Before I look into that @garlick, do you have a opinion on the calling of hostlist_uniq()
on the output response? I believe that is important for this support as well. It is a behavior change. I can't imagine anyone having a situation in which they do not want the output to be unique, but there could be some odd-ball cases I can't think about, like some odd-ball power device.
Except the main use case for aliases is to support mapping one name to multiple plugs. So with a list on the LHS it is ambiguous whether it should expand to each name on the LHS mapping to all the names on the RHS or just one.
do you think a new config command would be preferred? off the top of my head map
?
map "pfoo10[01,03,05,07,09,11,13,15,17,19]" "foo-blade[1,2,3,4,5,6,7,8,9,10]"
map "pfoo10[02,04,06,08,10,12,14,16,18,20]" "foo-blade[1,2,3,4,5,6,7,8,9,10]"
My thinking was basically "alias with one host as the first argument=one to many, alias with multiple hosts as first argument=one to one." Of course there are weird cases like what do you do if I put in alias "foo[1-4]" "bar[1-3]"
?
It's not the end of the world if we just end up with num_compute_node lines in the powerman.conf assuming that won't make it barf.
A new command would also totally make sense as Al just posted.
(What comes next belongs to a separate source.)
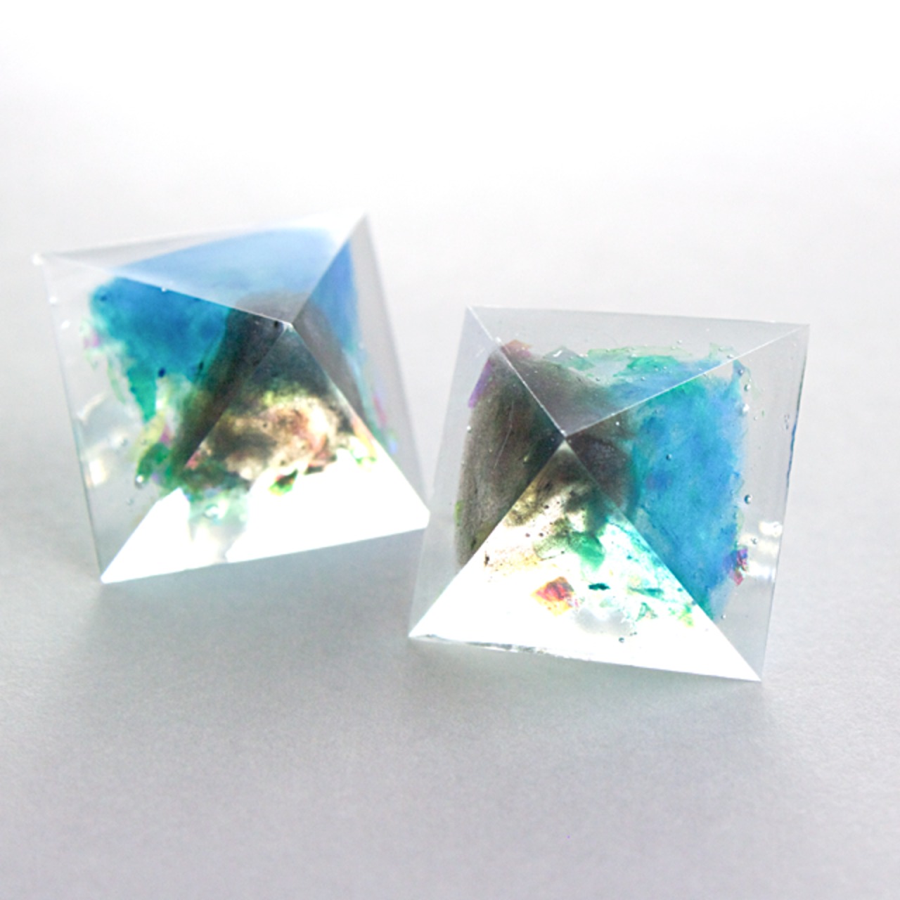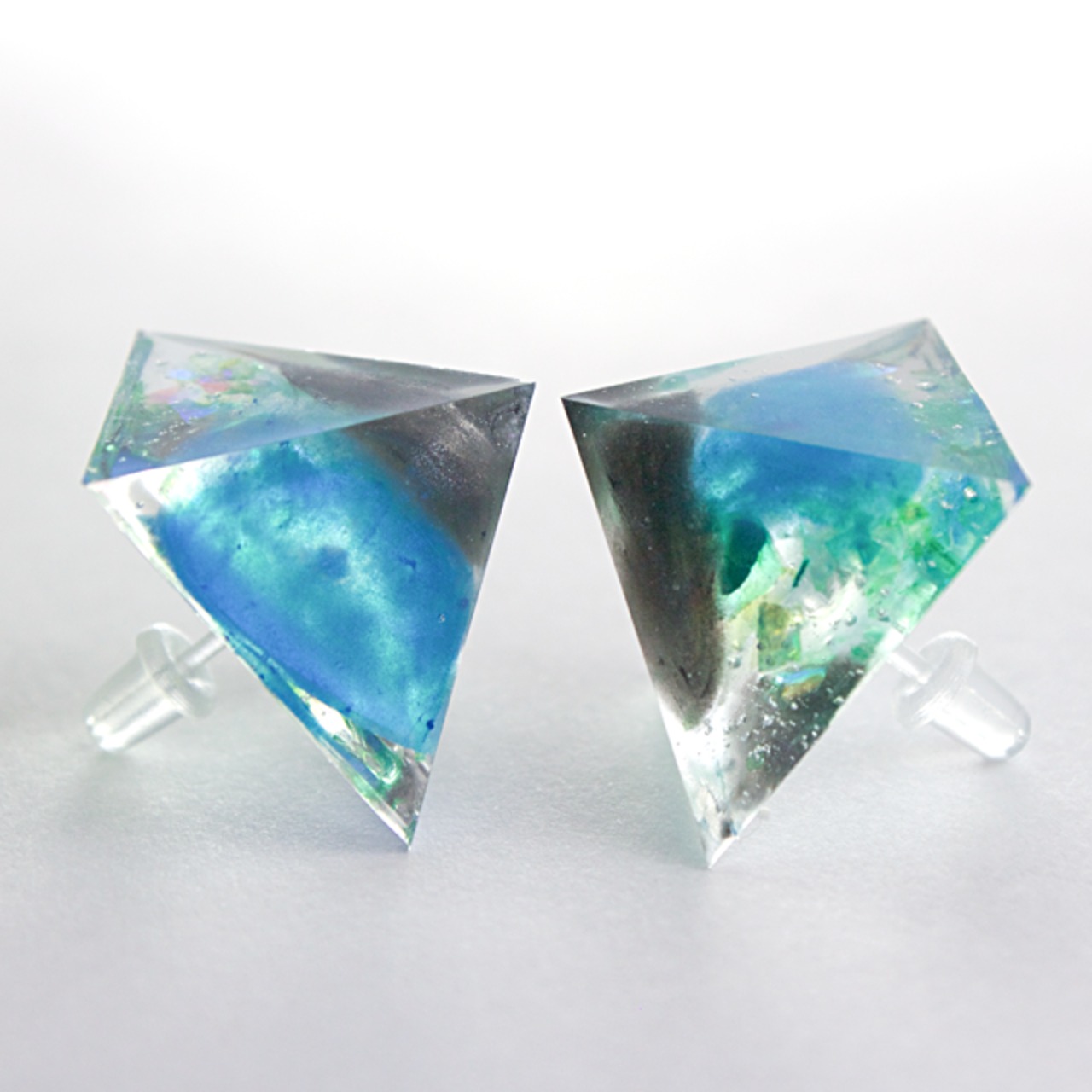 ブルーとブラック、ホログラムラメをクリスタルレジンで閉じ込めたピラミッド型のピアスです。

Certainly avoids ambiguity and directly implicates the one-to-one mapping. In my perfect world I'd love support for things like "all the odd numbers in this hostlist get aliased to this list of nodes" to avoid the big comma-separated lists above, but that's kind of an extreme niche.
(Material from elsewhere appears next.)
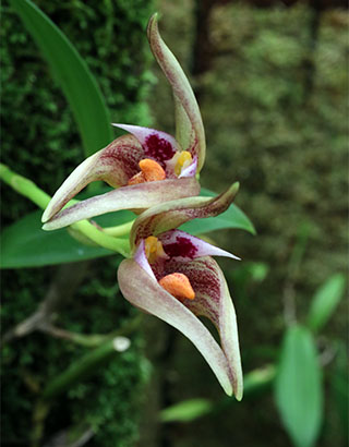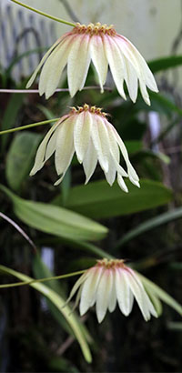 いずれにしてもフィリピンBulb. dolichoblepharonの花株は写真が示すように他種とは明らかな違いがあるものの、その真偽は別として、両種が同種と見做されたことでBulb. dolichoblepharon固有の特性や差別化への探求が失われているとも考えます。現在国内外共にネット上には上写真の花形状に類似するBulb. dolichoblepharon名の画像は当サイト(Cyber Wild Orchid)以外見られません。もしこれがBulb. dolichoblepharonではないとすれば、画像が示すようにその花姿はCirrhopetalum節の中では最も華麗な種の一つでもあることから既に知られた種名があるはずで、別名も無いとすれば未登録の新種の可能性も考えられます。本種の種名問題は今後の課題(DNA解析等)となります。

These configs are often script generated on big clusters anyway, so my inclination is that the shorthand command isn't really necessary.
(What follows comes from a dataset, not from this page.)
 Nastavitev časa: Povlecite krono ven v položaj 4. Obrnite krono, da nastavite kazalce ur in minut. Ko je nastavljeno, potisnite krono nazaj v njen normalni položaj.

Partly it's because we need Al working on high priority Flux work. So perhaps we could open a separate issue and think about whether we want I longer term?
User asked for an interesting support. In the el cap environment, two compute nodes are attached to one blade. It can be inconvenient to map a compute node to its blade (eg node1478 maps to blade???)
Idea was map two fictitious node names to same blade, ie blade1477 and blade1478 both power control the same blade.
The primary issue is how to deal with user submitting both nodes at same time to power control (i.e. `pm -0 blade1477,blade1478).
Pondering a bit, I think this may be doable if
arglist_find()
could return multiple args (i.e. a single power result could update multiple args). The ranged scripts could handle by callinghostlist_uniq()
before calling the power control target.But I bet there’s stuff I’m not thinking about right now.
Edit: minimally, what errors could occur on non-ranged scripts. But I suppose we aren't checking that multiple "targets" don't already point to the same plug. So perhaps it doesn't matter?